*** Data for the task Section Begins ***

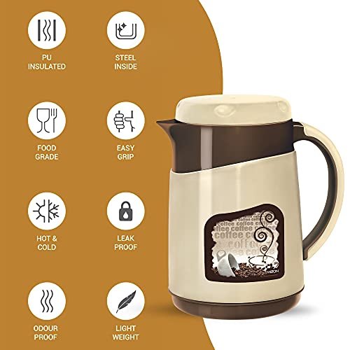 Color: Brown; Material: Inner Stainless Steel; Package Contents: 1 – Piece Viva Tuff Jug (500 ml) Insulated Jug with stainless steel inner-wall, integrated handle for easy carrying. Keeps beverages hot or cold for hours. It is tightly sealed from top to bottom making it more Hygienic. Leave the lid open for some time before pouring any liquid into it. Contemporary dual-tone finish and body-graphics, wide-mouthed for easy filling and cleaning. It is BPA free, Leak proof, odour proof and light weight. Fill the Jug upto the brim. This ensures maximum heat retention. Pre-condition Jug with hot water if using for HOT beverage and cold water if using for COLD. Enhance the look of your dining table with its exclusive shape and design. The perfect serving jug for any special occasions or household like birthday or anniversary parties, holiday, picnic. Ideal for Tea, Coffee, water, hot beverages, juices, shakes and soup. This Product Is Under one Year Warranty From The Date Of Retail Purchase Against Any Manufacturing Defects In Material And Workmanship. The Warranty Does Not Cover Damages Resulting From Accidents, Mishandling Or Tampering With The Mechanism. Warranty Valid Against Producing Original Bill Endorsed By Seller.
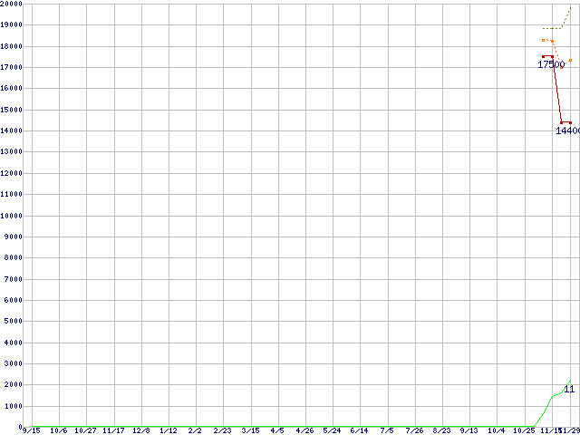 | PC3-12800 1GB×3枚組みセットの価格推移 | | | (2007年9月15日~2008年11月29日) |
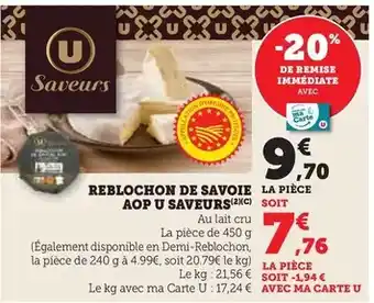 Actuellement en offre chez Super U : U - reblochon de savoie aop saveurs ✅ Valable du 27-01 au 8-02.
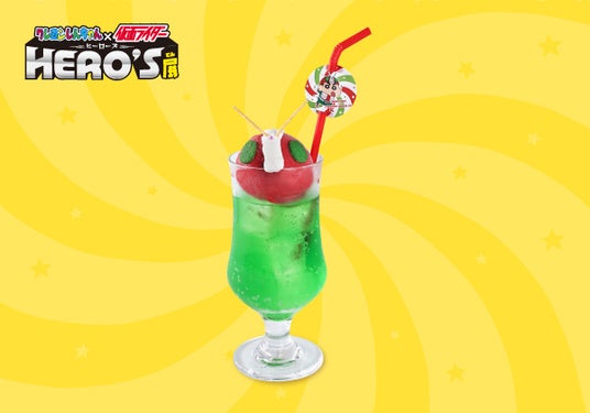 しんちゃん×仮面ライダーV3クリームソーダ¥880(税込)
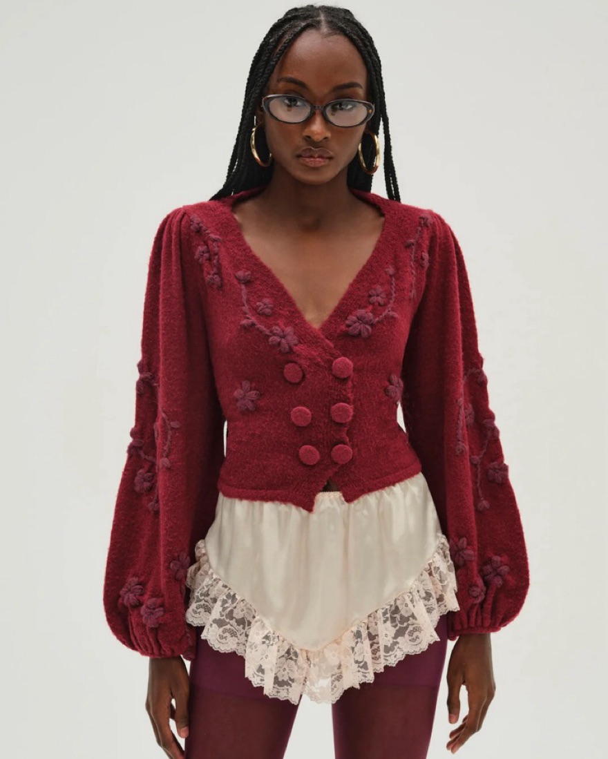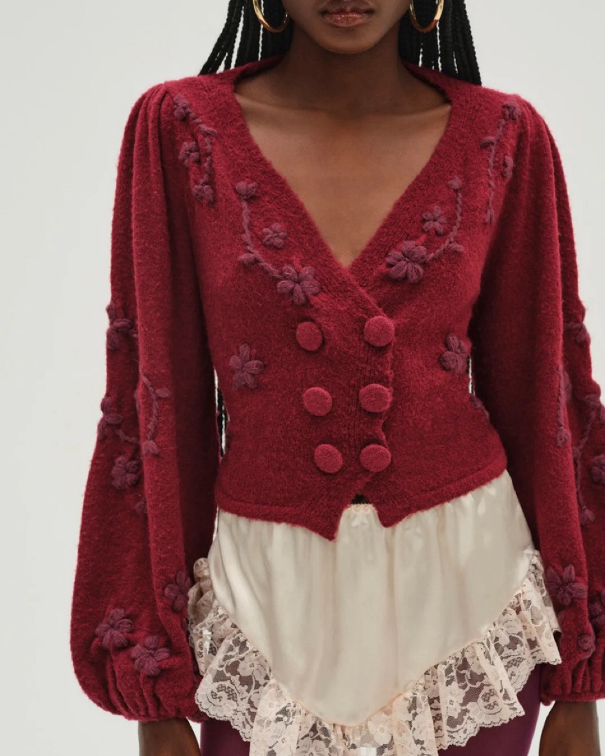 Adalyn burgundy cardigan, embroidered with beautiful florals. Cut to a cropped length with a double-breasted silhouette, this fitted cardigan spotlights long puff sleeves and a tie at the back waist. Unlined, Elastic at wrist, self tie at back waist. Functional buttons in front.

*** Data for the task Section Ends ***

## Description of the task
Transcribe all of the entries word for word, but skip any pictures they contain.

## Answer space
 Color: Brown; Material: Inner Stainless Steel; Package Contents: 1 – Piece Viva Tuff Jug (500 ml) Insulated Jug with stainless steel inner-wall, integrated handle for easy carrying. Keeps beverages hot or cold for hours. It is tightly sealed from top to bottom making it more Hygienic. Leave the lid open for some time before pouring any liquid into it. Contemporary dual-tone finish and body-graphics, wide-mouthed for easy filling and cleaning. It is BPA free, Leak proof, odour proof and light weight. Fill the Jug upto the brim. This ensures maximum heat retention. Pre-condition Jug with hot water if using for HOT beverage and cold water if using for COLD. Enhance the look of your dining table with its exclusive shape and design. The perfect serving jug for any special occasions or household like birthday or anniversary parties, holiday, picnic. Ideal for Tea, Coffee, water, hot beverages, juices, shakes and soup. This Product Is Under one Year Warranty From The Date Of Retail Purchase Against Any Manufacturing Defects In Material And Workmanship. The Warranty Does Not Cover Damages Resulting From Accidents, Mishandling Or Tampering With The Mechanism. Warranty Valid Against Producing Original Bill Endorsed By Seller.
 | PC3-12800 1GB×3枚組みセットの価格推移 | | | (2007年9月15日~2008年11月29日) |
 Actuellement en offre chez Super U : U - reblochon de savoie aop saveurs ✅ Valable du 27-01 au 8-02.
 しんちゃん×仮面ライダーV3クリームソーダ¥880(税込)
 Adalyn burgundy cardigan, embroidered with beautiful florals. Cut to a cropped length with a double-breasted silhouette, this fitted cardigan spotlights long puff sleeves and a tie at the back waist. Unlined, Elastic at wrist, self tie at back waist. Functional buttons in front.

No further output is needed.